Deseaba que la hora pasara, jamás iba a hablar sobre mi papá, era una perdida de tiempo. Quería olvidar el tema, pero ella insistía en que hablando de lo que había sucedido sería capaz de superarlo. Me crucé de brazos y desvié la mirada ignorando todo lo que decía.

-¿Cuántos años tenías en ese momento? -Ahí íbamos de nuevo con el interrogatorio. No respondí-. Stella sé que es difícil para ti, sin embargo, necesitas hablar, confrontar el pasado. En mi experiencia, situaciones como las que tú viviste llegan a interferir para poder entablar futuras conexiones sentimentales, ya sea amorosas o de fraternidad ¿me entiendes? -preguntó amable. No me interesaba en que tono lo preguntara, yo seguí renuente-. A pesar de lo que te hizo tú llegaste a formar un vínculo con él, puedo asegurarte que en este momento tú extrañas a tu papá... Que me dices del bebé ¿También lo extrañas?

Esta vez la miré furiosa. Joder. Eso era llegar a los extremos, no iba a hablar de eso, ni de nada y menos con una desconocida. Me paré rápidamente del sofá.

-¡Déjeme en paz de una jodida vez! No voy a decir nada, ya se lo dije. -Tomé mis cosas y salí del consultorio. Caminé por las calles de Singapur pensando en que mi vida era una mierda, estaba cansada de que todo mundo me mirara como si estuviera rota al saber lo que me había pasado.
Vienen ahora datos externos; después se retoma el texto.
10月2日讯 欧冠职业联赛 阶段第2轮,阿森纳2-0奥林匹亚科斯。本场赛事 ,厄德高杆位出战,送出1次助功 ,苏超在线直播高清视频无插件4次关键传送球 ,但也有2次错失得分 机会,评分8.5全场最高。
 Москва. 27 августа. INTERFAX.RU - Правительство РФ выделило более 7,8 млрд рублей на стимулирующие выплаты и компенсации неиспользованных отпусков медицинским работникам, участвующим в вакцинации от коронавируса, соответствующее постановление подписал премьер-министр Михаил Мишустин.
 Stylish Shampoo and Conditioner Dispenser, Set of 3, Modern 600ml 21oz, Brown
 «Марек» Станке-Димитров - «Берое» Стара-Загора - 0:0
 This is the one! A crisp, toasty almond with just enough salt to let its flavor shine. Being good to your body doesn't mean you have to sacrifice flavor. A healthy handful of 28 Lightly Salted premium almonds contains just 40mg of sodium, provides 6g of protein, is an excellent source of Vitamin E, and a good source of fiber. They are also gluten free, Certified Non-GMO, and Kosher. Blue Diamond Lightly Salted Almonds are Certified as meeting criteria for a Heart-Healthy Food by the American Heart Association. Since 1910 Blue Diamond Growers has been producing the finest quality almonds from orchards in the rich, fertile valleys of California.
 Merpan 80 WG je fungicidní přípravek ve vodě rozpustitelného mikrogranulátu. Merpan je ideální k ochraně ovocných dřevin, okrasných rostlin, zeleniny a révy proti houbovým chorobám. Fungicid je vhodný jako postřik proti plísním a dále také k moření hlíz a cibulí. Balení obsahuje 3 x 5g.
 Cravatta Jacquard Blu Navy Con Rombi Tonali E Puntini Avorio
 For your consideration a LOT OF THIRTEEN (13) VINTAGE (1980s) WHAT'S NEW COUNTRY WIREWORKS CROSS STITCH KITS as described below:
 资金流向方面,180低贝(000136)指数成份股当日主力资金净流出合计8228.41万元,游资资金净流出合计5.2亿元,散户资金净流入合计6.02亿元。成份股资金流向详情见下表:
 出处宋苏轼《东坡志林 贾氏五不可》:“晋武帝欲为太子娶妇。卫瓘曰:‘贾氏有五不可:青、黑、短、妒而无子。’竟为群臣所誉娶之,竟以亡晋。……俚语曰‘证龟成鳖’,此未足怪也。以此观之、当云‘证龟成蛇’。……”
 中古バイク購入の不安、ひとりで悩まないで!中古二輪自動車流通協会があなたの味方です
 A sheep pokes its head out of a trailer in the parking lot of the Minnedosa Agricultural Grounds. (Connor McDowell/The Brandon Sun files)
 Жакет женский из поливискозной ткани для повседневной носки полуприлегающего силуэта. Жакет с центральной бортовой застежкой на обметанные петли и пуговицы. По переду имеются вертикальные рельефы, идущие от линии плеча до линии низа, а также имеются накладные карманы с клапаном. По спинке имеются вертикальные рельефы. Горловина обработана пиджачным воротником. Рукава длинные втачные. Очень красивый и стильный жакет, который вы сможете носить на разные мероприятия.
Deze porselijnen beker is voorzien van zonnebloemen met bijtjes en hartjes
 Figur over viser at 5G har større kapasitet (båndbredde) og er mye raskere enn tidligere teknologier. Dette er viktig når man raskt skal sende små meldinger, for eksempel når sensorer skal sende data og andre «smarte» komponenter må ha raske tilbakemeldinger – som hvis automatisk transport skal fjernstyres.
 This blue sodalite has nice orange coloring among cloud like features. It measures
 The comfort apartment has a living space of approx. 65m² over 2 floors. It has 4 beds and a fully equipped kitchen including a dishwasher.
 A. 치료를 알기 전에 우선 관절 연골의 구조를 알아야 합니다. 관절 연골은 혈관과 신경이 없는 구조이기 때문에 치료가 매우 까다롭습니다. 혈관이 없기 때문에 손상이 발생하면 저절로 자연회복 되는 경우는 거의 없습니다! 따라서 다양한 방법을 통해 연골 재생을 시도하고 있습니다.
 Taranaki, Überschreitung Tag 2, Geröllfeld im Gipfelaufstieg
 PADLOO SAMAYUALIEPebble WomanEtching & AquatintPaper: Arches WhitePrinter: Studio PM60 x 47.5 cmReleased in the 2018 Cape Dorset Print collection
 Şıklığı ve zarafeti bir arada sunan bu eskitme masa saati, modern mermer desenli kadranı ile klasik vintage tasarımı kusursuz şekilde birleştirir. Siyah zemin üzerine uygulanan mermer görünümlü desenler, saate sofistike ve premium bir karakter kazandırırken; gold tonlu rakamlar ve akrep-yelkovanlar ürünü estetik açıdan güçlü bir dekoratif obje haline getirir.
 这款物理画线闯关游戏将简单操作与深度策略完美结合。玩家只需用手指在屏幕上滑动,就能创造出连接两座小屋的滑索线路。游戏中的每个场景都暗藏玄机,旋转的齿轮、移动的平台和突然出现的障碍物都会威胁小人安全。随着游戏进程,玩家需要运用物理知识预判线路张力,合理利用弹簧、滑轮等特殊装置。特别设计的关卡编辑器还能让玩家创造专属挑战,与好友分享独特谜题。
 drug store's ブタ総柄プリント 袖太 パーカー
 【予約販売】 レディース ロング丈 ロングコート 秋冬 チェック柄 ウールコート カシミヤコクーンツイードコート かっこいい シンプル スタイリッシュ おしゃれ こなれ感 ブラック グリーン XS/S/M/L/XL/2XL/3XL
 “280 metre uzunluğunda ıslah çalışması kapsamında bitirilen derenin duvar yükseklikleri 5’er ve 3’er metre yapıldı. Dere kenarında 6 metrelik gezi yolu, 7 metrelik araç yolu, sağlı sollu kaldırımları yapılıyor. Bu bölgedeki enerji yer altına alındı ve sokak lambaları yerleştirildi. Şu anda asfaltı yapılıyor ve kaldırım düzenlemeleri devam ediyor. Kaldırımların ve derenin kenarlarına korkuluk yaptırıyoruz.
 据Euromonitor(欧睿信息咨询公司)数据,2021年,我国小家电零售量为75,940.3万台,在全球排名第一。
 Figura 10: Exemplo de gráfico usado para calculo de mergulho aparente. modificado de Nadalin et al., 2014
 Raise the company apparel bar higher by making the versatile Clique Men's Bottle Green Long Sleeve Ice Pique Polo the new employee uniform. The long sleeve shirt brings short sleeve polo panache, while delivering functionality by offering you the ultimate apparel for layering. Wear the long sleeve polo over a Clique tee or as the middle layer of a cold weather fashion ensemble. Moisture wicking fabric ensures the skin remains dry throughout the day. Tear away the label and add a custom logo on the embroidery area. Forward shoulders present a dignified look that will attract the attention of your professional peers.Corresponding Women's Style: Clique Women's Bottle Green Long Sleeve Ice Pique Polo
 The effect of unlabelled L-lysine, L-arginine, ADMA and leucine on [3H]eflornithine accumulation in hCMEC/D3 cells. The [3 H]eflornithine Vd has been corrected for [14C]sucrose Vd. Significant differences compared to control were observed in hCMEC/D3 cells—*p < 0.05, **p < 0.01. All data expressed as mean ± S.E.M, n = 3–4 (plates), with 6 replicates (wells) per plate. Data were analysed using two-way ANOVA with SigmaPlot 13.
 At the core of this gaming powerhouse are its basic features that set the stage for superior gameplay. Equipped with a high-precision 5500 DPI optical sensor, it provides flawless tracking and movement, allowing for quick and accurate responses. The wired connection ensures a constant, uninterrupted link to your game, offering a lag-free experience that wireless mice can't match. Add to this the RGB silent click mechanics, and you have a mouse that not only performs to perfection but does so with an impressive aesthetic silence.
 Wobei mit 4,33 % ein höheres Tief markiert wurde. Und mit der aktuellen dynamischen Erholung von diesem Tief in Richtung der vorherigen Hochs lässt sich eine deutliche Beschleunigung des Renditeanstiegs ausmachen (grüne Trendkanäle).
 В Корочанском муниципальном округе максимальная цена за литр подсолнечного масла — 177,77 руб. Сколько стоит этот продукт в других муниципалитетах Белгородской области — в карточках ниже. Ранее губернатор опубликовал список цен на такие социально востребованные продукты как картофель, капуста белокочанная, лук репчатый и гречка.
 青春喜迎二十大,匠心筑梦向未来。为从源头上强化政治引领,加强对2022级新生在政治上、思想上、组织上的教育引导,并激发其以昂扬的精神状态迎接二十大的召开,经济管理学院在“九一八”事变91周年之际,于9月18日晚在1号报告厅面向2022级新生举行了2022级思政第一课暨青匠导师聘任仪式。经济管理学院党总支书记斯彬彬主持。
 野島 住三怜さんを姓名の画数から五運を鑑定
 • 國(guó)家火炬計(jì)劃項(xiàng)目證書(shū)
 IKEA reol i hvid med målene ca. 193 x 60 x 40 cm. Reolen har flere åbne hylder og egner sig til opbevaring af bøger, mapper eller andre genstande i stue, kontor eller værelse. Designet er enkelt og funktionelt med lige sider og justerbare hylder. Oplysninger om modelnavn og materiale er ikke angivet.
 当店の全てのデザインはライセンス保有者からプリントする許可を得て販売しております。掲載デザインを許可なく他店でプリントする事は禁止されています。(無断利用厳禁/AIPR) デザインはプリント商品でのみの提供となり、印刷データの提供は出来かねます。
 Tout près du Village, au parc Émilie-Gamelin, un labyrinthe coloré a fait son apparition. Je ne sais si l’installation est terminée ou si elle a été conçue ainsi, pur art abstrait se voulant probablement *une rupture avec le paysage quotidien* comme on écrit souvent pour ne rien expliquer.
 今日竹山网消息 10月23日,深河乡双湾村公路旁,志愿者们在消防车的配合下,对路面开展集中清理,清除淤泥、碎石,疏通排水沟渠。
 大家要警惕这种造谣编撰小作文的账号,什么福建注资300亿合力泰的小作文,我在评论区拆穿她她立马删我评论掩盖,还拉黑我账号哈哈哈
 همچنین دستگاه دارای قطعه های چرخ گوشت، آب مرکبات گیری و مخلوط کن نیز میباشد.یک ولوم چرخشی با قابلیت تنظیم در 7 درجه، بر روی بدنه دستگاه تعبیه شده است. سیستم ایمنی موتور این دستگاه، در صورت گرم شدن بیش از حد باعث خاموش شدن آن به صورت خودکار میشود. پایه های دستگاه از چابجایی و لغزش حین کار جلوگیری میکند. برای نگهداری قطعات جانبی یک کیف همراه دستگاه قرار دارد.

Observé mi reloj, faltaban quince minutos para verme con los chicos, estarían esperando en el estacionamiento, me dirigí hacia allá con mi mente volátil, necesitaba distraerme. Me preguntaba por qué jamás había tenido novio, nunca salí con amigos y la mayor parte me la pasaba encerrada casi siempre por órdenes de mi papá. La única relación que conocía era la que tenía con él y mi mamá, la cual la mayoría de las veces solo me ignoraba. Marco era mi hermano, pero se había ido a estudiar desde muy temprana edad, solo nos veíamos cada fin de año y después de saber lo que mi padre me hacía no dejaron que lo viera más, hasta hace algunos años, donde él decidió ir por mí, era mayor de edad y yo también, no sabía que razón me hizo rechazar su propuesta diciéndole que estaba bien donde estaba. Seguí en esa casa a pesar de todo, hasta que mi mamá se enteró de los planes de mi padre, quería que los dos viviéramos juntos sin ella, fue cuando me mandó a Singapur.